New Delhi: Wal-Mart Stores Inc., the world’s biggest retailer, said the opening of its first cash-and-carry store in the country may happen only early next year, some 24 months after the company said it was exploring a joint venture and more than a year after it inked an agreement with Bharti Enterprises for the venture.
The company had previously said it would open the stores in the second half of 2008.
Wal-Mart’s Vice Chairman Michael T. Duke seemed unfazed by delays and added that Wal-Mart may choose not to use its own brand for the stores because it often uses local names outside its US home market.
In other countries, “the business operates under 52 different names,” he said. “We think it’s best to look at the market and say what will appeal best to the consumer.”
The cash-and-carry format, where products are sold to other shopkeepers and not consumers directly, is the only retail format where 100% foreign ownership is allowed in the heavily restricted retail business in India, worth an estimated $300 billion (Rs12.06 trillion) a year in sales. Indian laws bar foreign retailers from selling multiple products to consumers under one roof preventing the likes of Wal-Mart and others from forming such normal retail ventures.
Wal-Mart vice-chairman Mike Duke. (Aaron Skinner / Bloomberg)
However, Wal-Mart chose to enter the cash-and-carry segment as well through a 50:50 joint venture with Bharti, whose promoters, the Mittals, make much of their money providing mobile phones services in India under the Airtel brand. Wal-Mart is also providing back-end support to Bharti’s separate retail stores.
Some overseas retailers such as Metro AG, already operate fully owned cash-and-carry stores in India but the real spurt in retailing has been in stores that sell to individuals.
Conglomerates such as Reliance Industries Ltd have opened stores that sell everything from groceries to glue under one roof to tap into India’s burgeoning middle class that is new to this style of shopping.
For decades, Indians have been shopping at the local stores, or so-called kirana stores, which are often cramped spaces where goods are stacked in places thatonly the shopkeeper’s assistant can reach. Purchases are often home delivered and credit is freely given.

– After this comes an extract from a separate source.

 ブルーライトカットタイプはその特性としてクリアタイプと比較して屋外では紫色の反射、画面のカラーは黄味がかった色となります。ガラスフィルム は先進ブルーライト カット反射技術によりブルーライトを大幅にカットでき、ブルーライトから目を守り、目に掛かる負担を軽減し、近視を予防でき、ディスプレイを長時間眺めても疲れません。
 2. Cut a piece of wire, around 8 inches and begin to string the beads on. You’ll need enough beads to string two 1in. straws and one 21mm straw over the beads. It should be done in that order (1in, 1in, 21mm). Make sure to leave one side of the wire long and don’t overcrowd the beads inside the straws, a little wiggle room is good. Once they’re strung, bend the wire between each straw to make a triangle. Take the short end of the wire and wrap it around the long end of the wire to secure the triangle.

However, promises of cheaper purchases and well stocked browse-and-buy aisles in air-conditioned spaces have attracted some shoppers and dented the business of small-store owners and street vendors who have protested and, occasionally, trashed stores of organized retailers to put a stop to any aggressive expansion.
The protests last year forced the United Progressive Alliance government to commission a study to an independent think tank to map the fallout of organized retail on small stores and vendors. The Icrier study is yet to be made public though it’s well past its orginal deadline for submission to the government. In December, Mint carried the findings of this study that showed that small retailers in areas where organized retailers had opened stores had seen a fall in revenues and profits.

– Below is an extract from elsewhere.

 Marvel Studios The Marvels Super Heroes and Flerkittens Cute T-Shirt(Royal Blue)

Some states such as Uttar Pradesh, India’s most populous, and Kerala, have barred organized retailers from opening stores. And small-store owners have taken to nationwide day-long protests at regular intervals.

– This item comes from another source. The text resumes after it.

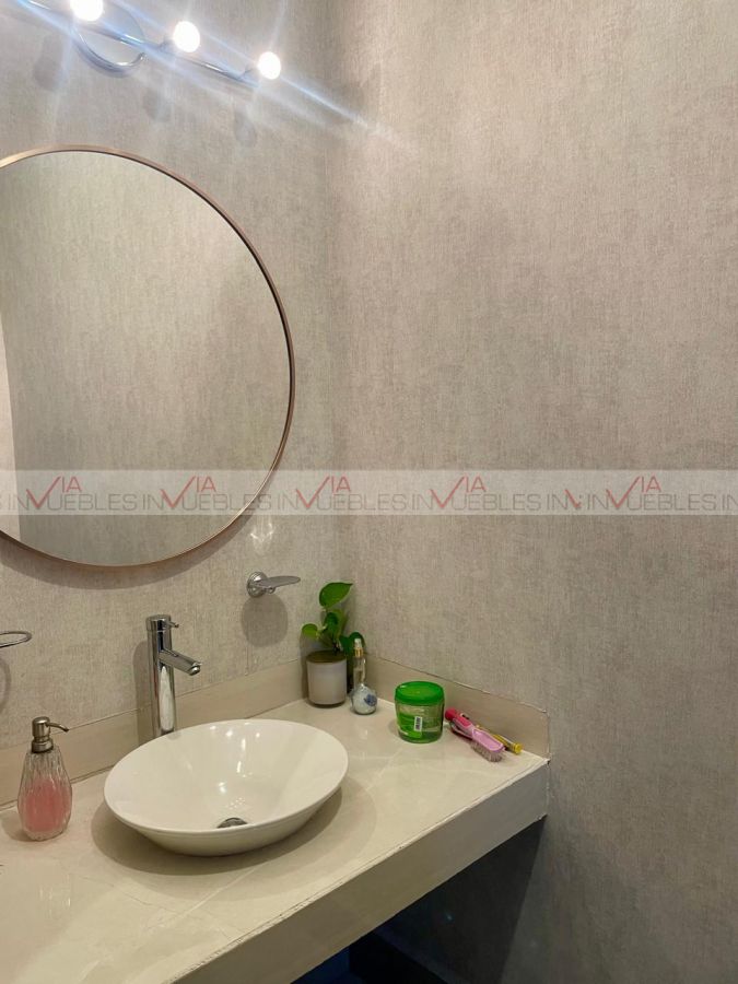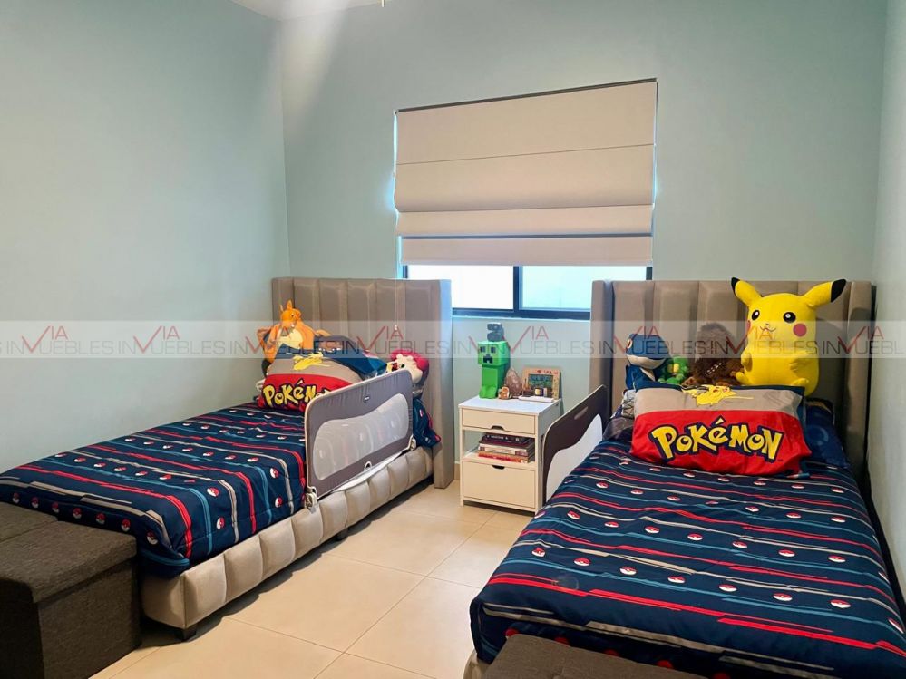 Planta alta: recámara principal con vestidor y baño, estancia de televisión, sink, 2 recámaras secundarias con closet que comparten baño completo.

Still, Wal-Mart and Bharti executives glossed over concerns the protests and the lack of a binding retail policy may be slowing their roll-out pace or damping their plans.
“My belief is we will see a change happening, because states are vying for investment, employment,” said Rajan Mittal, managing director of Bharti Enterprises. “We always start with rough times in our country.”
Wal-Mart is likely to open about four stores in 2009. Bharti, on the other hand, will open its first store that will sell to individual buyers by August in a northern state that hasn’t been officially named. Mittal added that Bharti would unveil its plans in April.
On Wednesday, Wal-Mart also announced it would be increasing the work it outsources to Indian IT services firms.